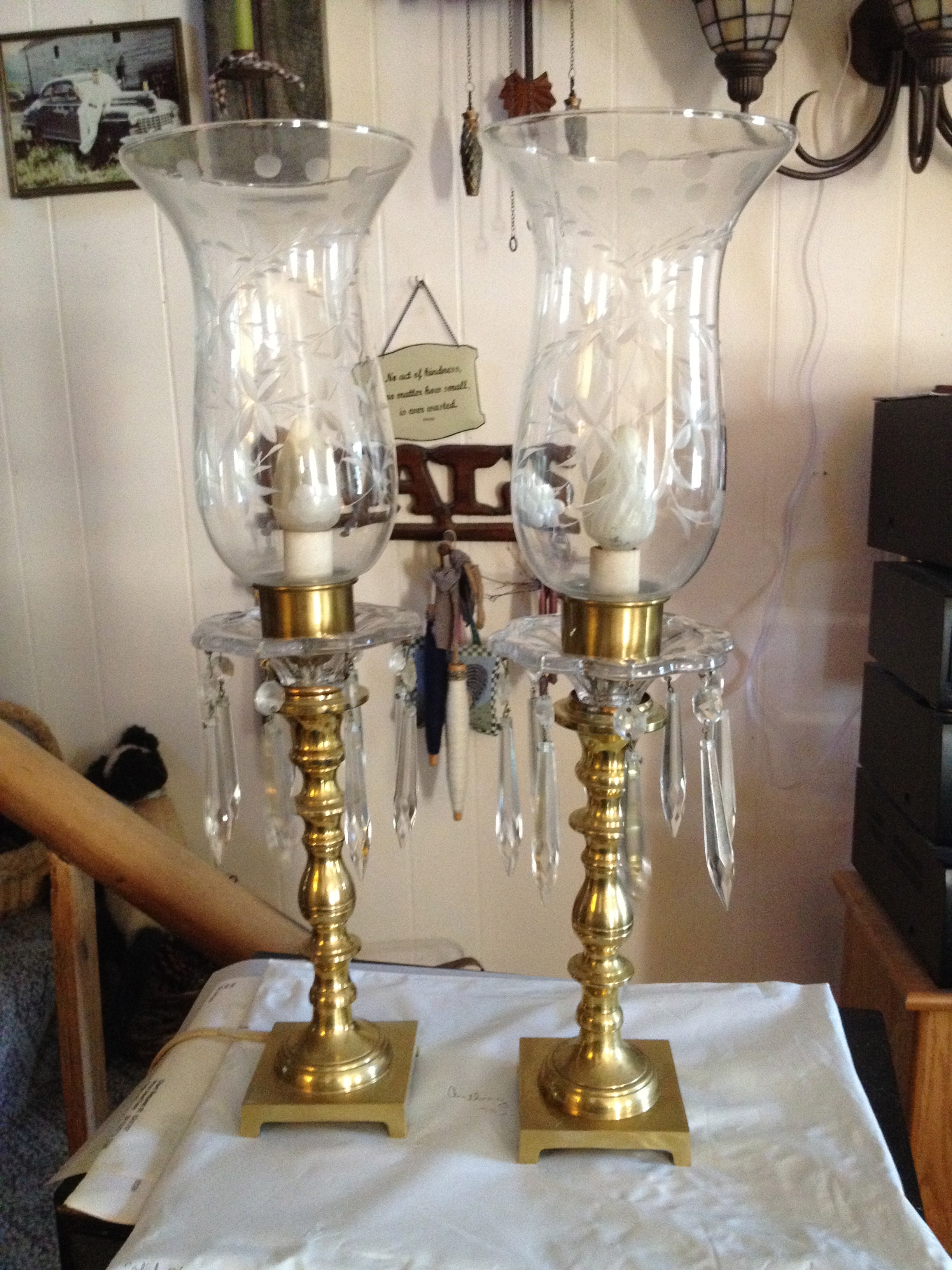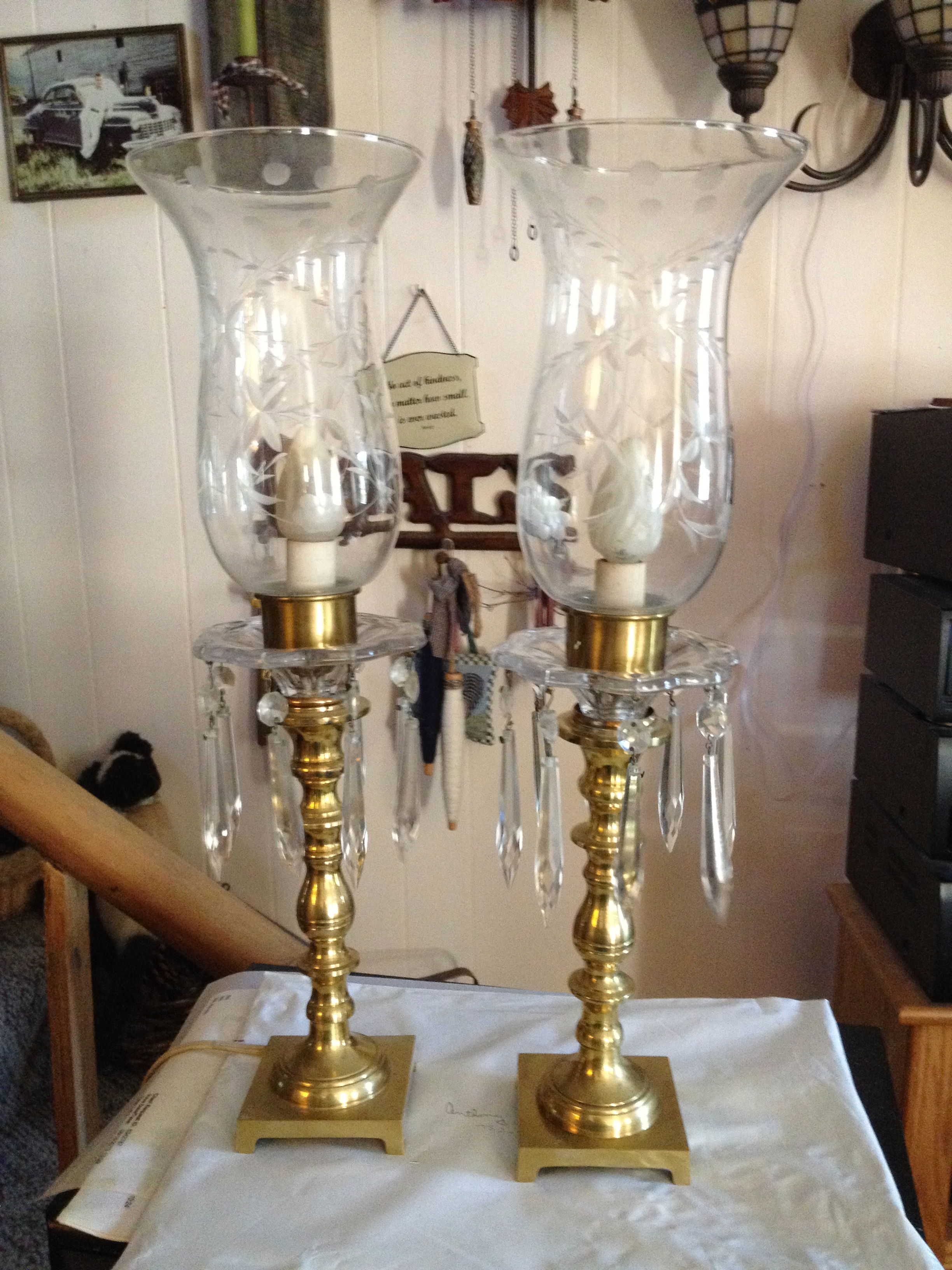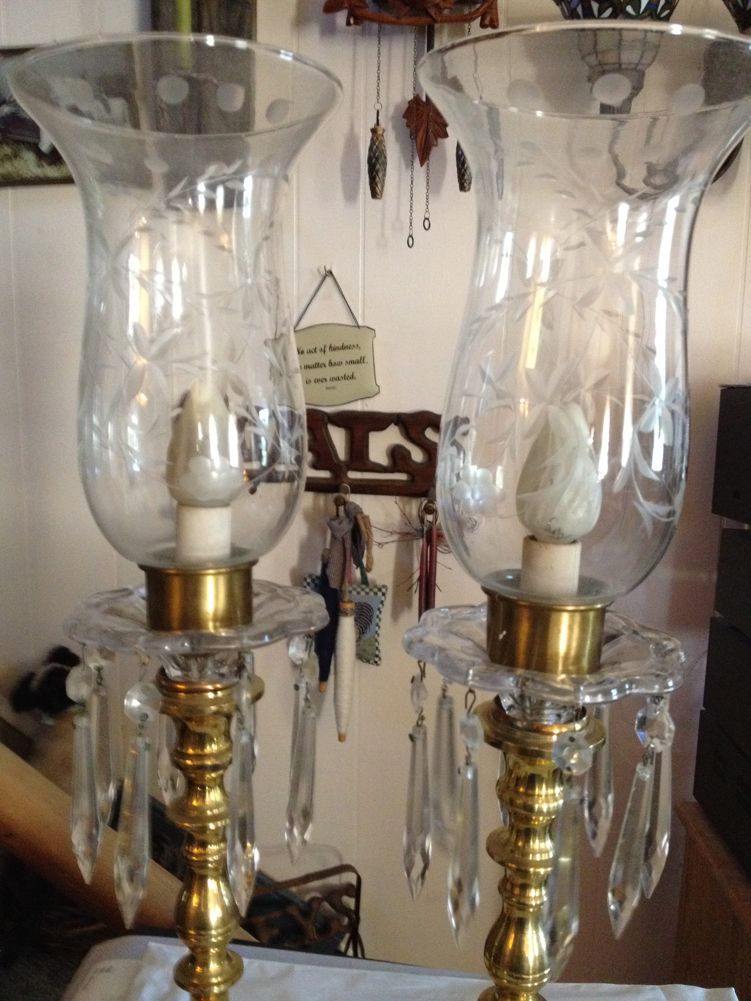 I really don't know much about these lamps. We picked them up at an estate sell, all of the prism's are there, and they both work. They are in great shape, no cracks, or chips. I would like to know how old they are and the value.
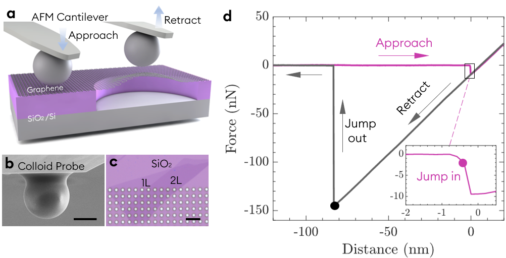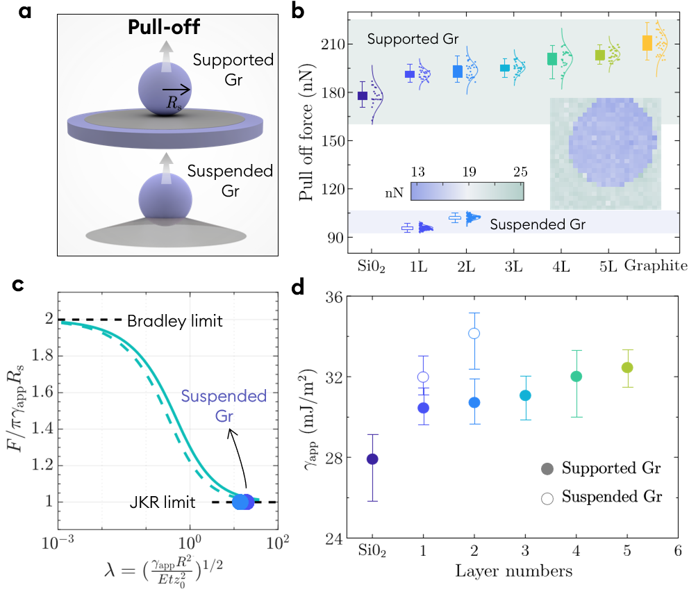 石墨烯-硅衬底体系中的薄膜厚度可以精确控制至原子尺度,为解决这一争议问题提供了理想实验平台。然而,在单原子层厚度下,薄膜极易发生几何非线性变形,对实验测量和数据解析带来巨大挑战。针对这一难题,团队提出了“原子力显微镜表征+非线性薄膜力学分析”相结合的研究方案。研究人员首先通过配备胶体探针的原子力显微镜(图1),测量了石墨烯在悬浮与支撑状态下的拉脱力(pull-off force)。结果表明,拉脱力可通过接触力学模型转化为界面能,其转换系数随薄膜可变形能力增强而渐近收敛至刚性结构的一半(图2)。这一修正对于解释薄膜材料自发撕裂等界面现象至关重要。
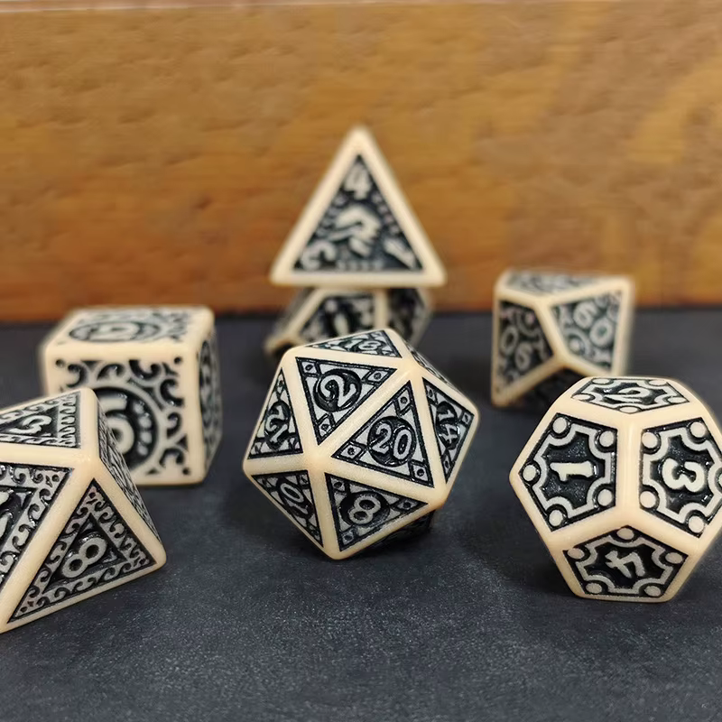 Семикубиковий набір у благородному стилі: основа кольору слонової кістки, чорні цифри та візерунки. D4, D6, D8, D10, D12, D20, відсотковий D100. Непрозорі, стилізовані — кубики, які виглядають, ніби їх знайшли в стародавній скарбниці.
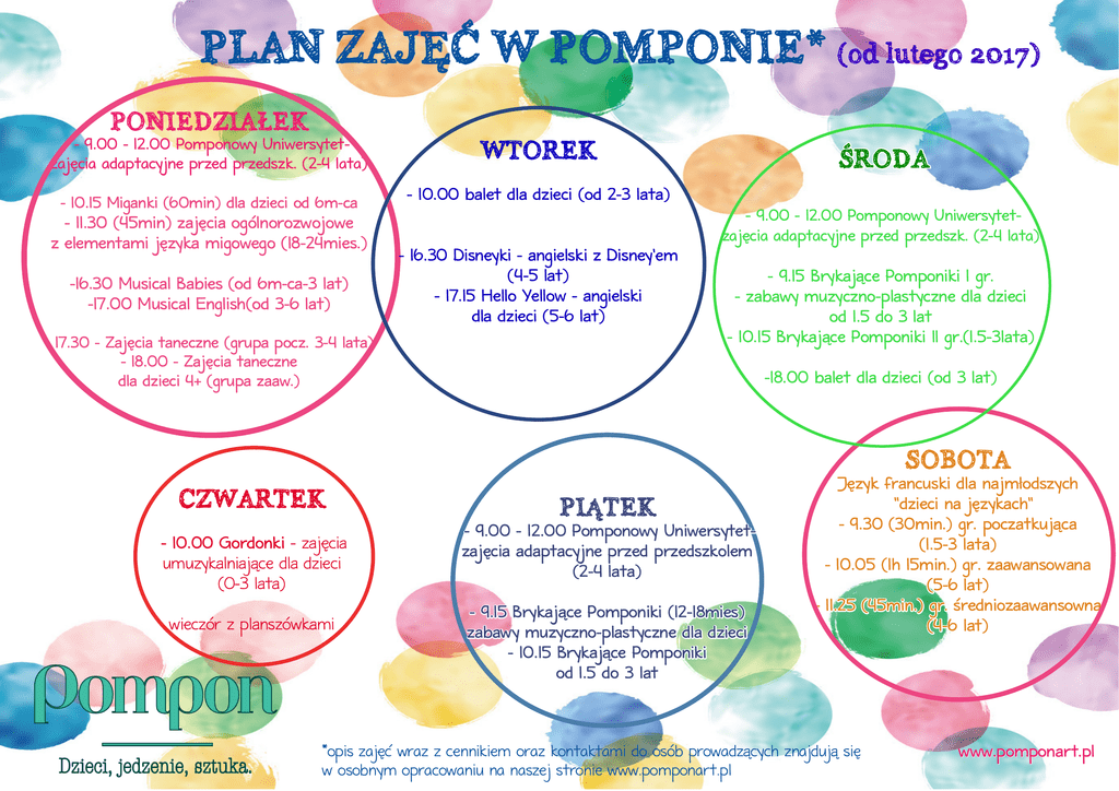 PLAN ZAJĘĆ W POMPONIE* (od lutego 2017)
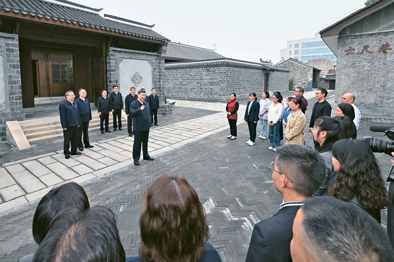 2024年10月17日至18日,中共中央總書(shū)記、國(guó)家主席、中央軍委主席習(xí)近平在安徽考察。這是17日下午,習(xí)近平在安慶桐城市六尺巷考察時(shí),同當(dāng)?shù)鼐用窈陀慰陀H切交流。新華社記者 申宏/攝
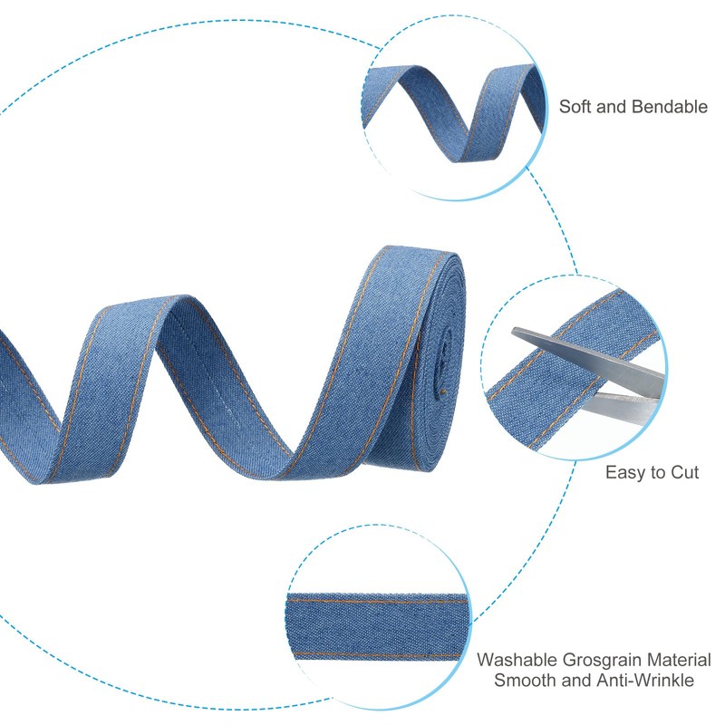 - Specification: Material: Denim Cloth; Color: Blue; Each Size: 5m x 2.5cm/5.5yard x 1inch (L x W); Package List: 1 Roll x Denim Ribbon

• _Activity_
Once the line with "Семикубиковий набір у" is found, write out that line and every later line of the listing above exactly, through the last one, and skip any pictures.

• _Exercise result_
 Семикубиковий набір у благородному стилі: основа кольору слонової кістки, чорні цифри та візерунки. D4, D6, D8, D10, D12, D20, відсотковий D100. Непрозорі, стилізовані — кубики, які виглядають, ніби їх знайшли в стародавній скарбниці.
 PLAN ZAJĘĆ W POMPONIE* (od lutego 2017)
 2024年10月17日至18日,中共中央總書(shū)記、國(guó)家主席、中央軍委主席習(xí)近平在安徽考察。這是17日下午,習(xí)近平在安慶桐城市六尺巷考察時(shí),同當(dāng)?shù)鼐用窈陀慰陀H切交流。新華社記者 申宏/攝
 - Specification: Material: Denim Cloth; Color: Blue; Each Size: 5m x 2.5cm/5.5yard x 1inch (L x W); Package List: 1 Roll x Denim Ribbon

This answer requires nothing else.